This is a PyTorch implementation of the pipeline presented in A Systematic Comparison of Phonetic Aware Techniques for Speech Enhancement
paper published @ Interspeech2022.
Project page
A Systematic Comparison of Phonetic Aware Techniques for Speech Enhancement
Or Tal , Moshe Mandel , Felix Kreuk , Yossi Adi
23rd INTERSPEECH conference
Speech enhancement has seen great improvement in recent
years using end-to-end neural networks.
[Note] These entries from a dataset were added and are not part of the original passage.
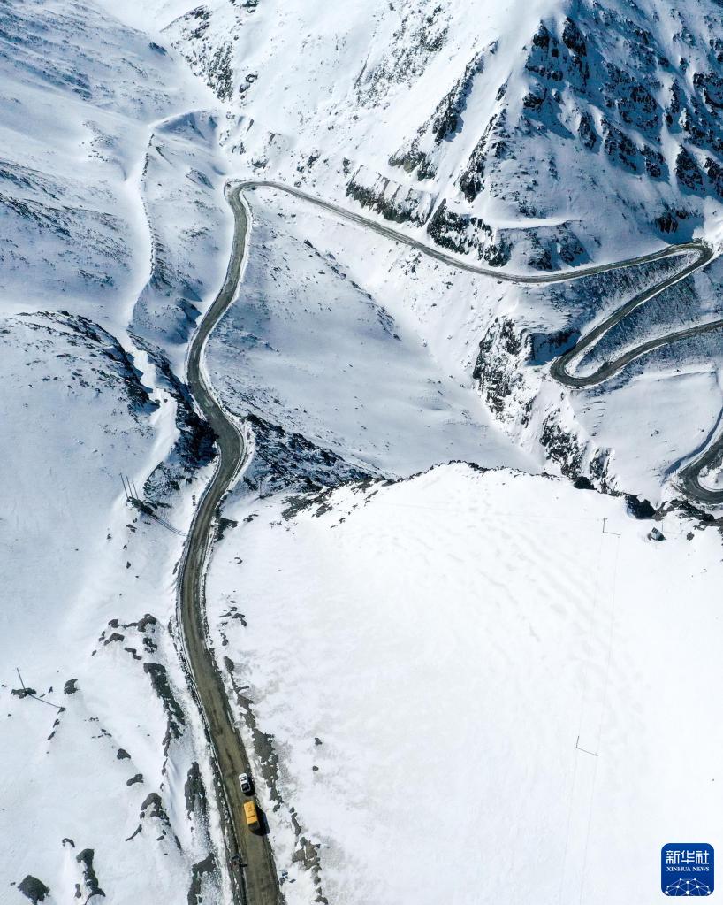 返校学生乘坐的校车翻越盖家克达坂(2月25日摄,无人机照片)。
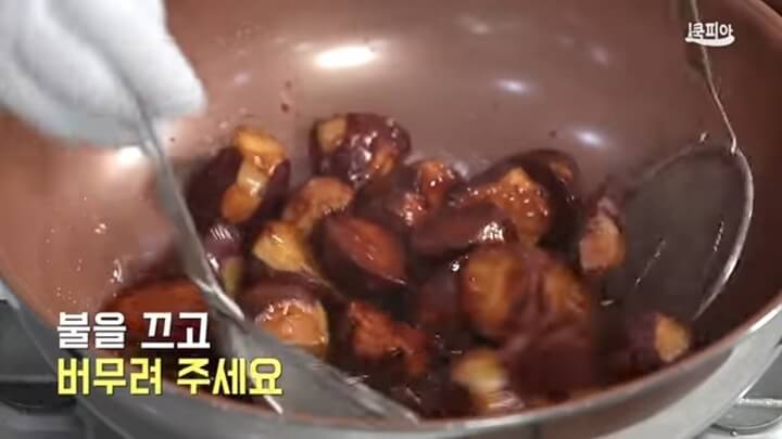 완성된 시럽에 고구마를 모두 넣고 버무려 줍니다. 불을 끄고 버무려야 타지 않습니다.
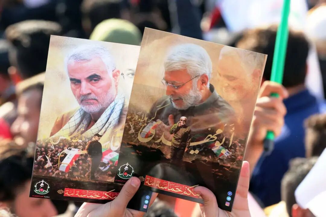 ▲2021年1月3日,在伊拉克巴格达,人们手举苏莱曼尼和穆汉迪斯形象的海报参加苏莱曼尼和穆汉迪斯遇袭身亡一周年悼念活动 图据新华社
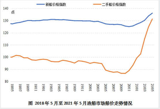 2021年初以來,在航運市場上升需求拉動與用鋼成本上升推動下,全球造船市場新船價格開始上揚。數據顯示,截止2021年5月28日,衡量全球造船市場新船價格總體的克拉克森新船價格指數收于136點,較年初的126點上漲7.9%。分項指數來看,克拉克森散貨船、油船和集裝箱船新船價格指數分別上漲14.8%、8.0%和16.2%。
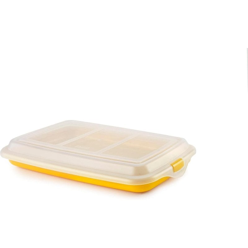 Eficiencia en la organización. Sus dimensiones de 24,8 x 14,4 x 3,3 cm –más finas que otros recipientes genéricos del mercado– permiten apilar varios tapers para una gestión eficiente del espacio en refrigeradores profesionales y domésticos, respondiendo a las necesidades de técnicos en alimentación y responsables de almacenes de hostelería.
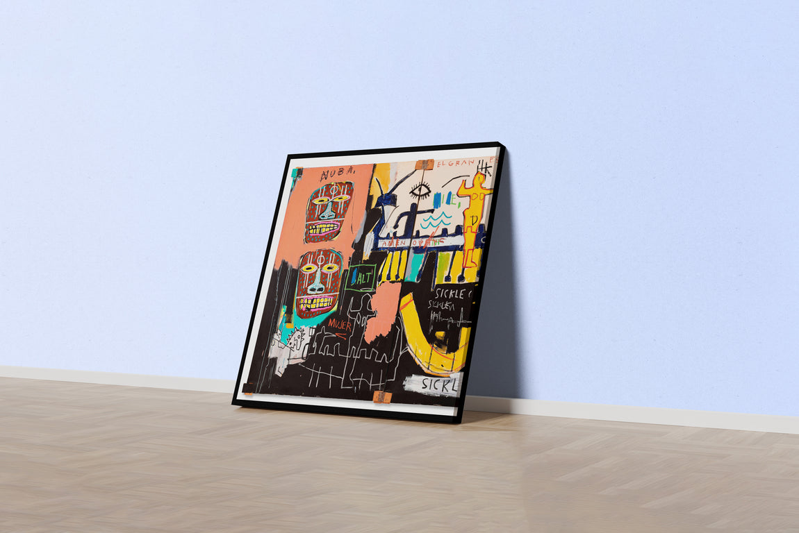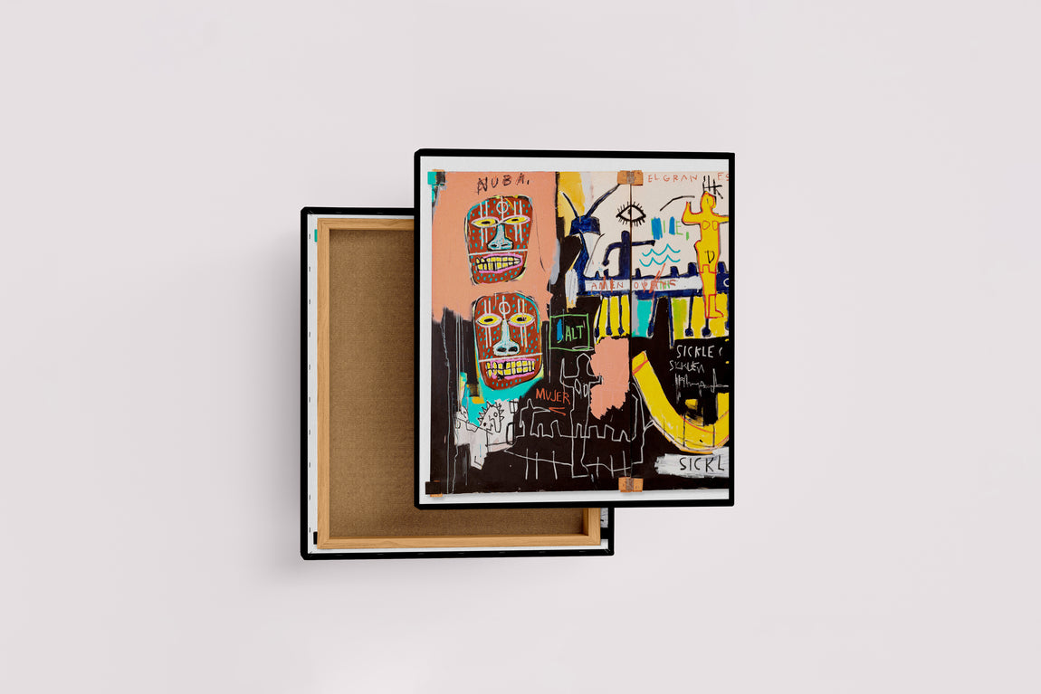 - Maske Benzeri Yüzler: Eserdeki iki ana baş figürü, geleneksel portrelerden çok, Afrika kabile maskelerini andırır. Bu, Basquiat'nın Afrika ve Karayip kökenlerine olan derin ilgisini ve bu mirası modern sanatının merkezine yerleştirme arzusunu yansıtır. Bu yüzler, "ilkel" olarak görülenin aslında ne kadar güçlü ve dışavurumcu olabileceğinin bir kanıtıdır.

However, most models are agnostic to the spoken phonetic content.
Recently, several studies suggested phonetic-aware speech enhancement,
mostly using perceptual supervision.
Yet, injecting phonetic features during model optimization can take additional forms
(e.g., model conditioning).
In this paper, we conduct a systematic comparison between different methods of incorporating phonetic information in a speech enhancement model.
By conducting a series of controlled experiments, we observe the
influence of different phonetic content models as well as various feature-injection techniques on enhancement performance,
considering both causal and non-causal models.
Specifically, we evaluate three settings for injecting phonetic information,
namely: i) feature conditioning; ii) perceptual supervision; and
iii) regularization.
Phonetic features are obtained using an intermediate layer of either a supervised pre-trained Automatic
Speech Recognition (ASR) model or by using a pre-trained
Self-Supervised Learning (SSL) model.
We further observe the effect of choosing different embedding layers on performance,
considering both manual and learned configurations.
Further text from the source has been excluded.